図2】各実施形態に適用される電気系回路の展開接続図。
図3】各実施形態に適用される電気系回路を構成する機器のデータシート。
図4】各実施形態に適用される電気系回路を構成する給電ルートのデータシート。
図5】給電ルート上で対象機器を挟むよう位置する機器ペアを出力した隔離情報テーブル。
図6】機器の機種毎の通電設定の初期値を記録した初期リスト。
図7】通電設定が初期値から変更される機器を、プラントの運転モード毎に掲載した変更リスト。
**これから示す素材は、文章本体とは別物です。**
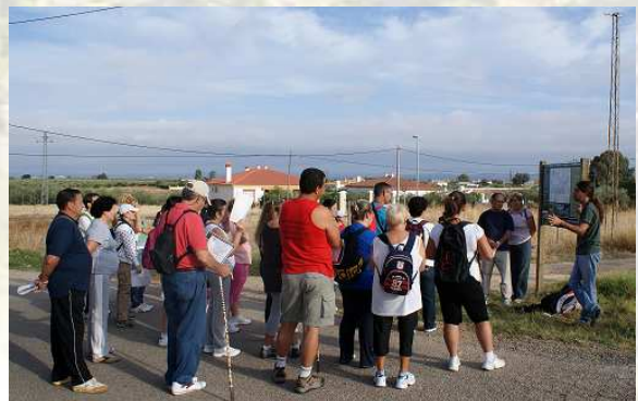
Explicaciones al inicio de la ruta

Los protagonistas de la señalización fueron un grupo de más de 30 voluntarios de todas las edades convocados a través de las asociaciones de mujeres de Las Pinedas (MUPI) y de El Arrecife (MUDARREF); y el escenario la ruta senderista Las Pinedas - El Arrecife - La Torrontera.

図8】電気系回路を構成する機器の各々に紐づけた通電設定を記載した設定リスト。
図9】給電状態が予め制約されている制約機器を登録した登録リスト。
図10】制約機器の給電状態シミュレーション結果と給電状態がOKからNGに変化した機器の数とを出力した隔離情報テーブル。
図11】制約機器の給電状態シミュレーション結果の適合性が成立したものを抽出した隔離情報テーブル。
図12】選択された隔離情報(機器ペア)の詳細を出力した帳票。
図13】第1実施形態に係る電気系アイソレーション管理方法及び電気系アイソレーション管理プログラムのフローチャート。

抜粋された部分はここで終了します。